Table 10.1 Overview of studies analysing log files from the PIAAC data base
Studies of Time Components Across Competence Domains
Processing times reflect the duration of cognitive processing when performing a task. Provided that information about the time allocation of individuals is available, several time-based indicators can be defined, such as the time until respondents first interact with a task or the time between the respondents’ last action and their final response submission (OECD 2019). Previous research has often focused on ‘time on task’—that is, the overall time that a respondent spent on the item.

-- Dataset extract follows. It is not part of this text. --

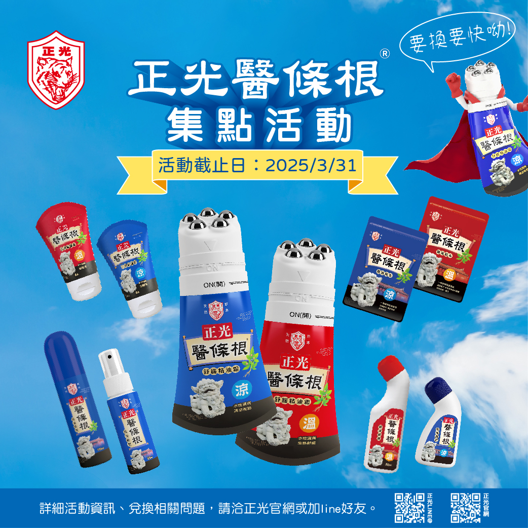 正光始終致力於為台灣人研發卓越的外用藥品與草本商品。這次,我們引以為傲地推出了正光醫條根舒緩精油霜,天然草本植物萃取精華,輕鬆無負擔,期望成為您的貼心按摩夥伴。透過這次的集點活動,我們不僅想要表達對您的感謝之情,更希望能夠以實際行動回饋您多年來的支持與厚愛,馬上開啟這趟醫條根的集點旅程!

For example, analysis of the PIAAC log file data showed considerable variation of time on tasks in literacy and numeracy across countries, age groups, and levels of education, but comparatively less variability between the competence domains and gender (OECD 2019).
The (average) effect of time on task on a respondent’s probability of task success is often referred to as ‘time on task effect’. Using a mixed effect modelling approach, Goldhammer et al. (2014; see also Goldhammer et al. 2017a) found an overall positive relationship for the domain of problem solving, but a negative overall relationship for the domain of reading literacy. Based on theories of dual processing, this inverse pattern was explained in terms of different cognitive processes required; while problem solving requires a rather controlled processing of information, reading literacy relies on component skills that are highly automatised in skilled readers. The strength and direction of the time on task effect still varied according to individual skill level and task characteristics, such as the task difficulty and the type of tasks considered. Following this line of reasoning, Engelhardt and Goldhammer (2019) used a latent variable modelling approach to provide validity evidence for the construct interpretation of PIAAC literacy scores. They identified a latent speed factor based on the log-transformed time on task and demonstrated that the effect of reading speed on reading literacy becomes more positive for readers with highly automated word meaning activation skills, while—as hypothesised—no such positive interaction was revealed for perceptual speed.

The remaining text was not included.